### Information shown
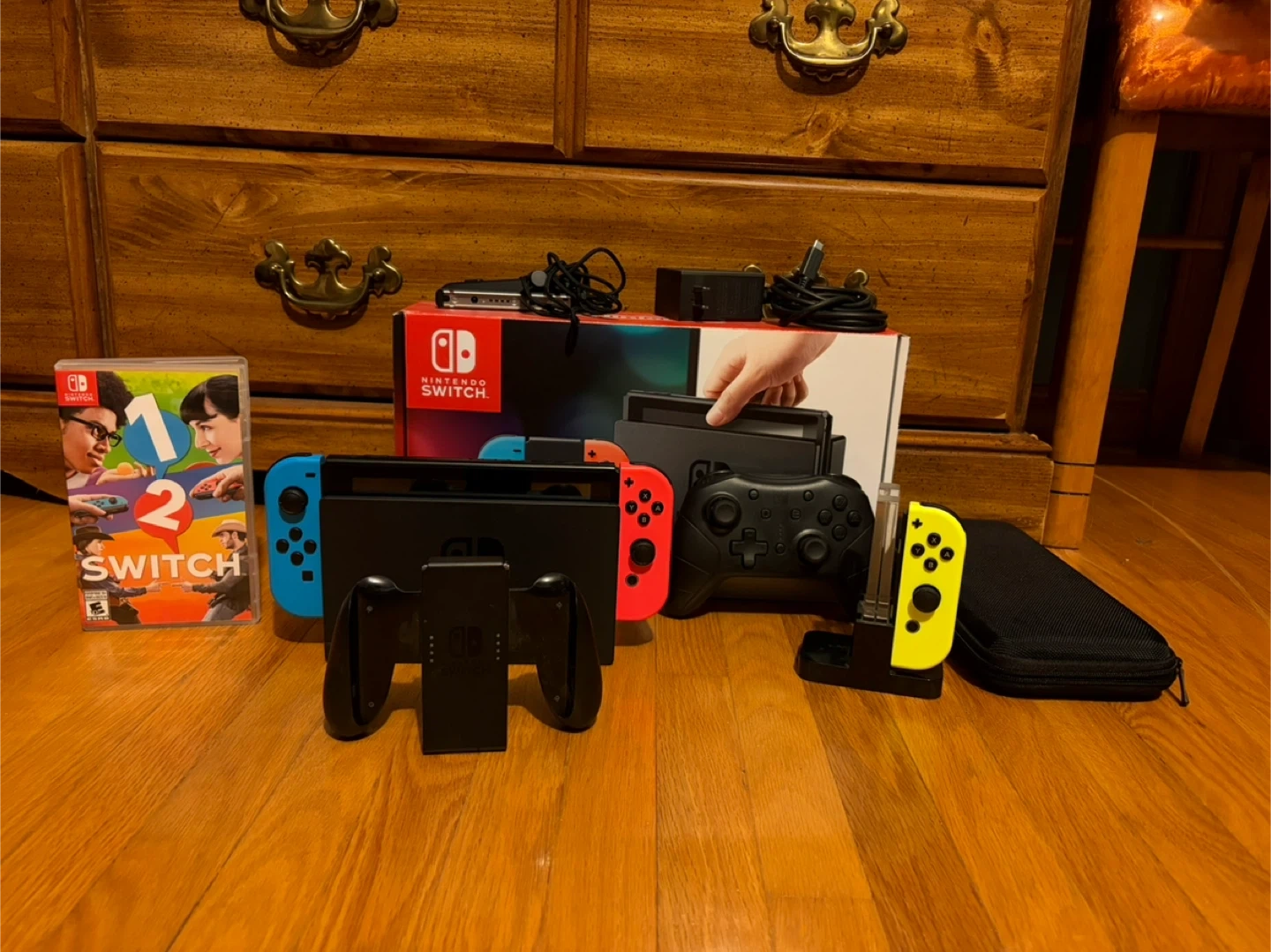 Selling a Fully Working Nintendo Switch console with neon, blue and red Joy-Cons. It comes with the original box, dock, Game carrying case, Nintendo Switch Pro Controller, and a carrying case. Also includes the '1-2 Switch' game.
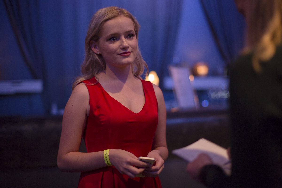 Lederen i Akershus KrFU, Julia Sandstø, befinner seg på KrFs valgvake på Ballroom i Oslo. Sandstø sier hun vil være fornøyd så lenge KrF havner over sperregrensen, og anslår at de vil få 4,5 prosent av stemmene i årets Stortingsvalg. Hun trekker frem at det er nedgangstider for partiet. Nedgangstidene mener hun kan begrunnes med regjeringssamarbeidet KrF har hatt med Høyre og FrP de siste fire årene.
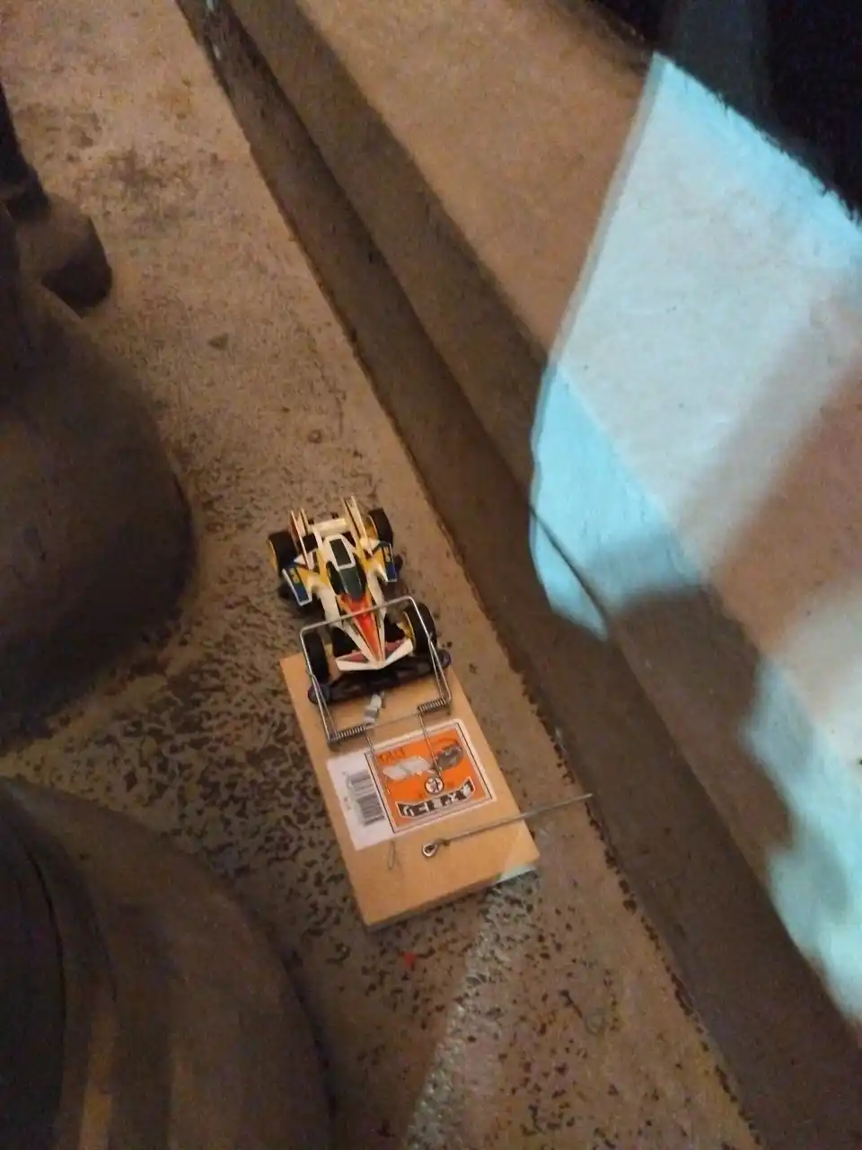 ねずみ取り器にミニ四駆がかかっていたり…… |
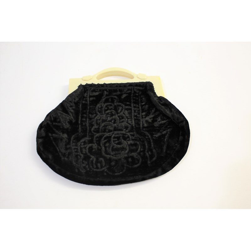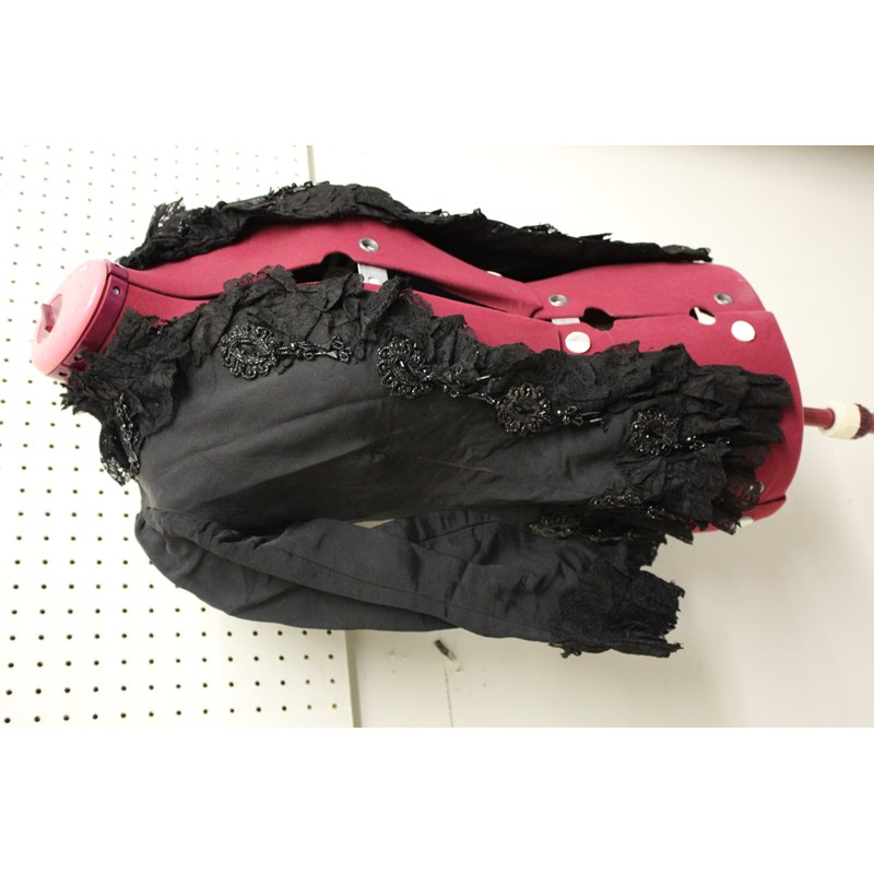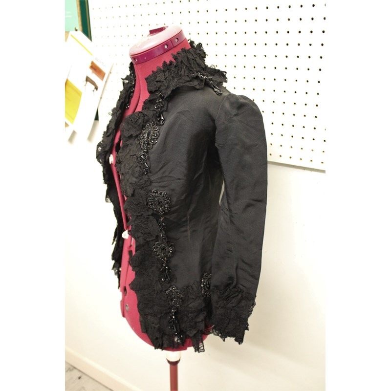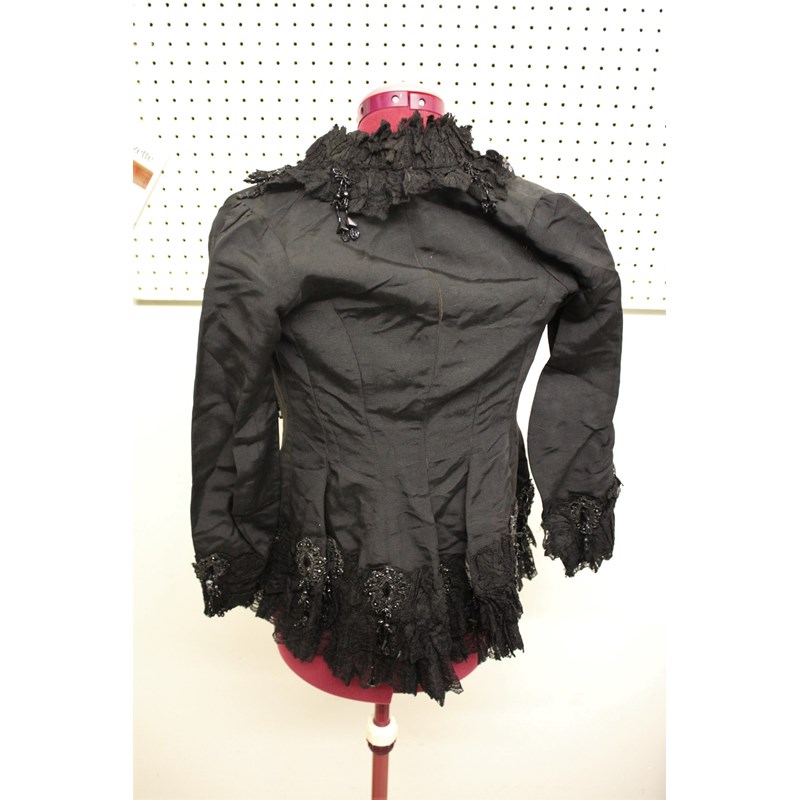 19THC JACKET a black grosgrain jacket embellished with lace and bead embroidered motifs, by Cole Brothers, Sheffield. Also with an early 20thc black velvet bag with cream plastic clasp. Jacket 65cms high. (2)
...
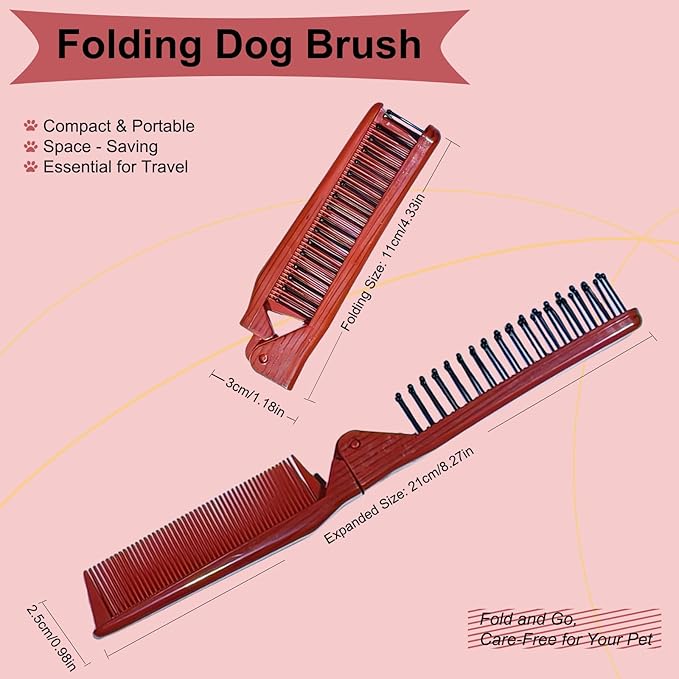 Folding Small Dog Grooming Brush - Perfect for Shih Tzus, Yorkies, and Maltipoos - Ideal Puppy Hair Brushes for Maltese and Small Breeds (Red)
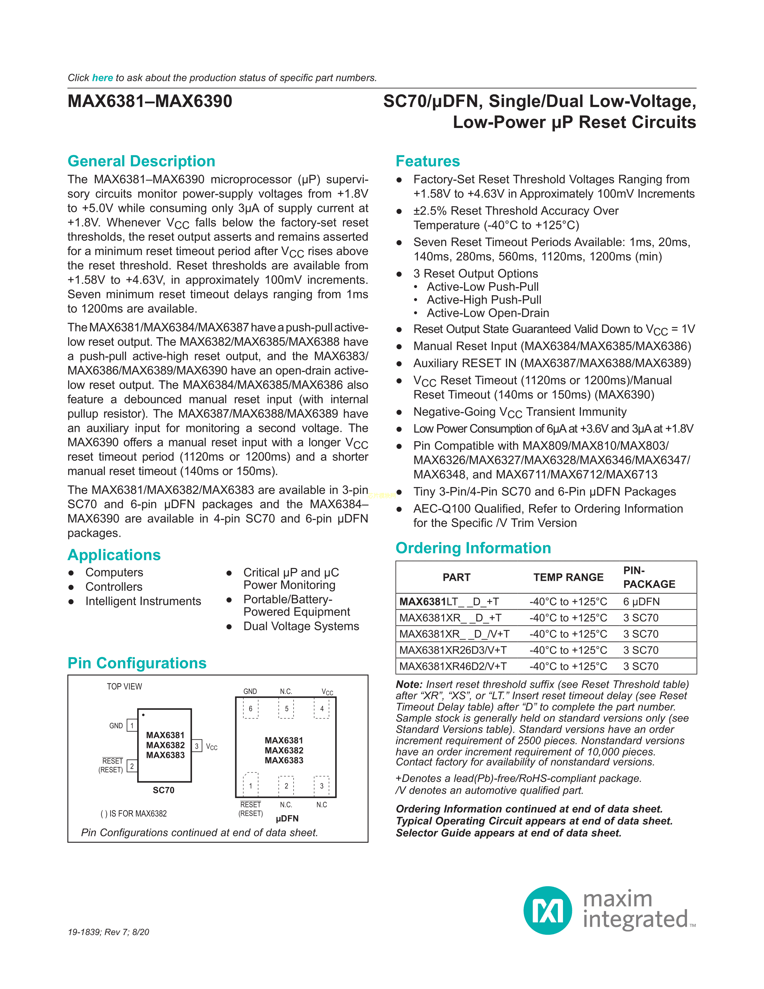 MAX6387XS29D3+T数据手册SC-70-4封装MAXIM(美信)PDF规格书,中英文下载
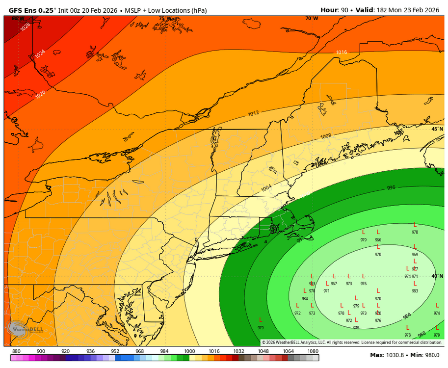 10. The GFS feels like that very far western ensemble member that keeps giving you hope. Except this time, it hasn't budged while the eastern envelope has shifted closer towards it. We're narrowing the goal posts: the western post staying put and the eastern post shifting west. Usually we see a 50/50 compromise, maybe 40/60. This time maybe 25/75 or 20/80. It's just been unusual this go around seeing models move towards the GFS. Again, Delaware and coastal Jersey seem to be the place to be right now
...
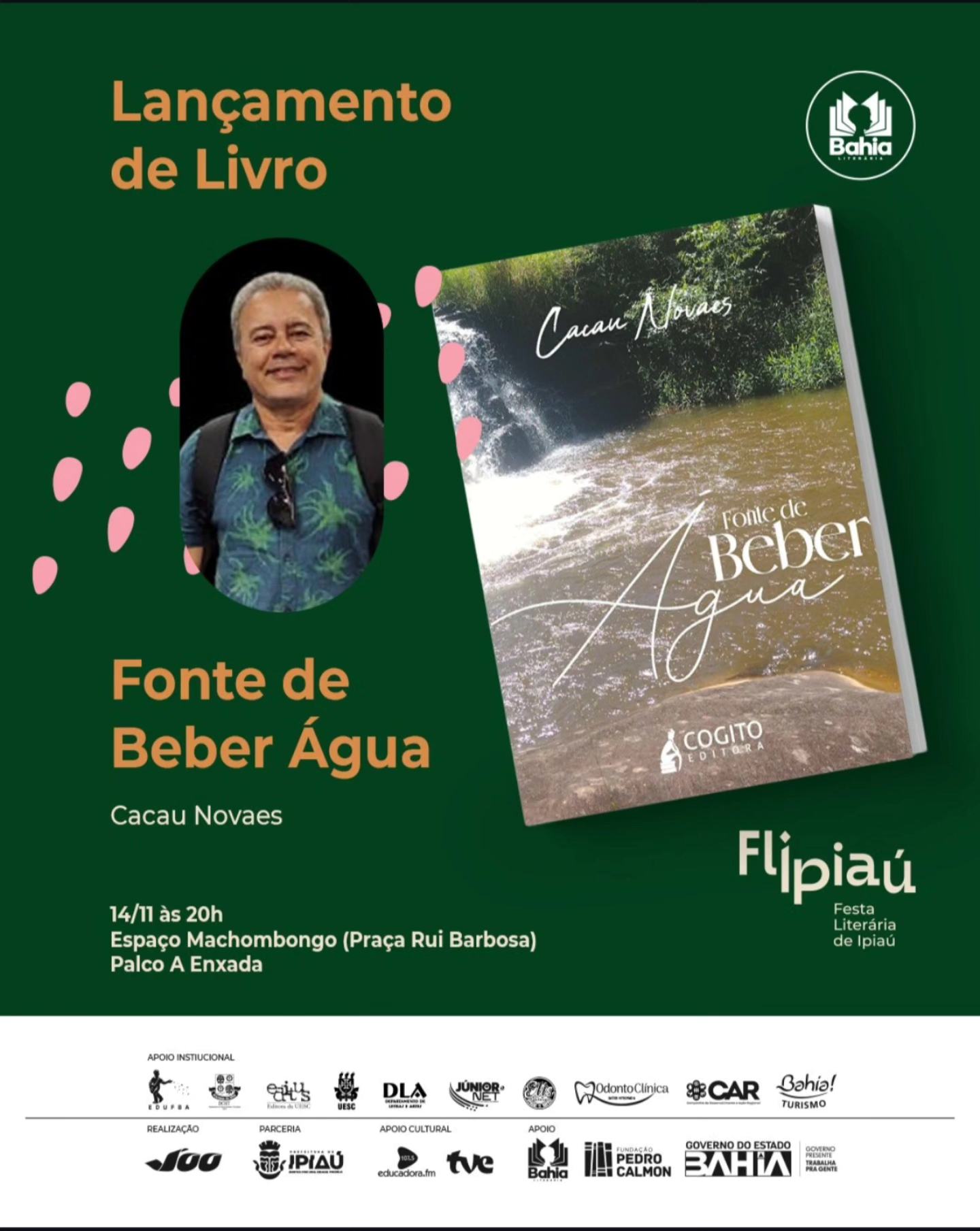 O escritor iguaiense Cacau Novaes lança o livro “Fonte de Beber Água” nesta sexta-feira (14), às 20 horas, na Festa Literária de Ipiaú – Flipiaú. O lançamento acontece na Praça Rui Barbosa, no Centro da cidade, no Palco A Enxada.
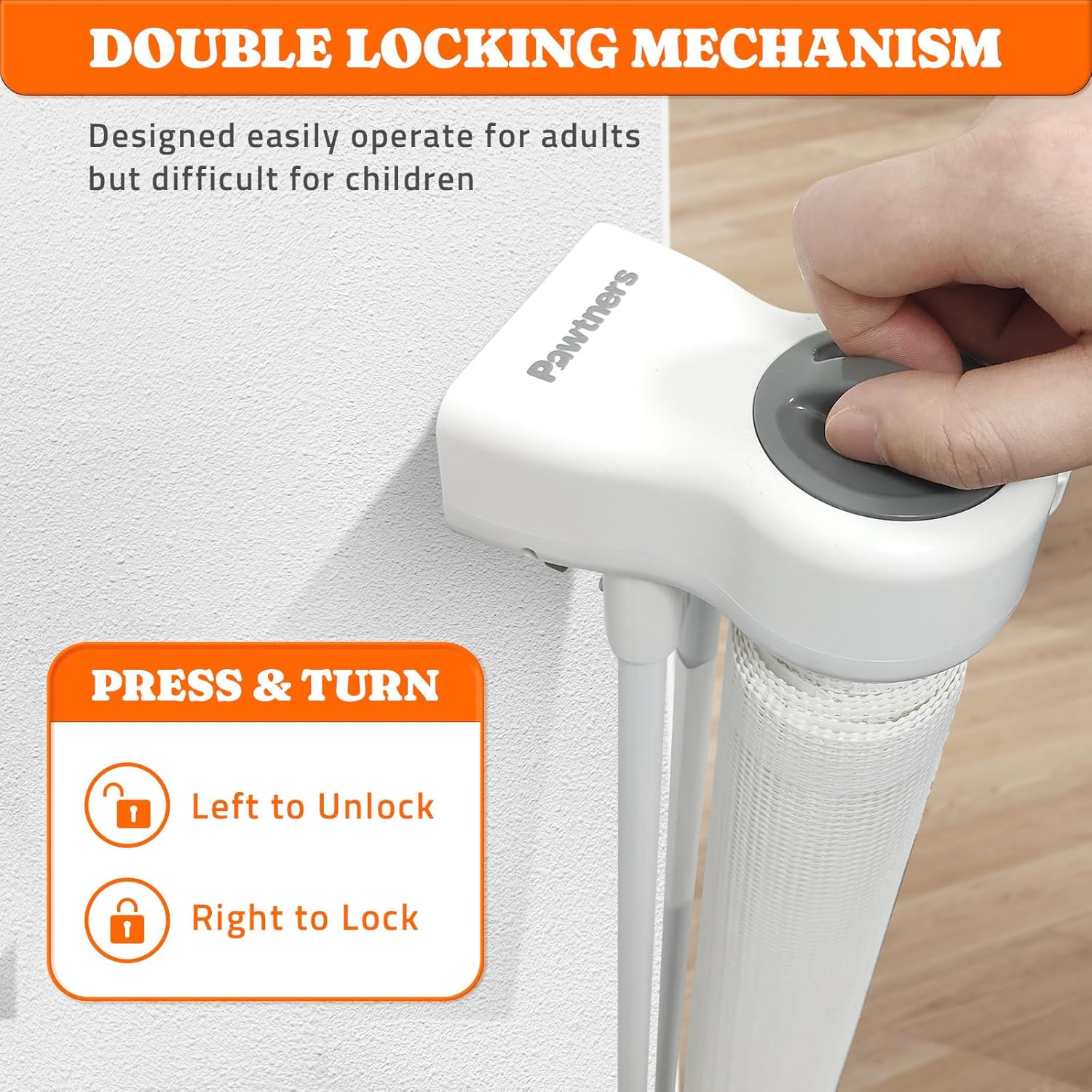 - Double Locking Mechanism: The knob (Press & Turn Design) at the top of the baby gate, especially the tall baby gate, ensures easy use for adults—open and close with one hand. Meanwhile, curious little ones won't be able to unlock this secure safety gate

### Work item
Find the line with "Selling a Fully" in the entries above. Set down exactly every line from it up to and including the line with "19THC JACKET a", images excluded.

### Result below
 Selling a Fully Working Nintendo Switch console with neon, blue and red Joy-Cons. It comes with the original box, dock, Game carrying case, Nintendo Switch Pro Controller, and a carrying case. Also includes the '1-2 Switch' game.
 Lederen i Akershus KrFU, Julia Sandstø, befinner seg på KrFs valgvake på Ballroom i Oslo. Sandstø sier hun vil være fornøyd så lenge KrF havner over sperregrensen, og anslår at de vil få 4,5 prosent av stemmene i årets Stortingsvalg. Hun trekker frem at det er nedgangstider for partiet. Nedgangstidene mener hun kan begrunnes med regjeringssamarbeidet KrF har hatt med Høyre og FrP de siste fire årene.
 ねずみ取り器にミニ四駆がかかっていたり…… |
 19THC JACKET a black grosgrain jacket embellished with lace and bead embroidered motifs, by Cole Brothers, Sheffield. Also with an early 20thc black velvet bag with cream plastic clasp. Jacket 65cms high. (2)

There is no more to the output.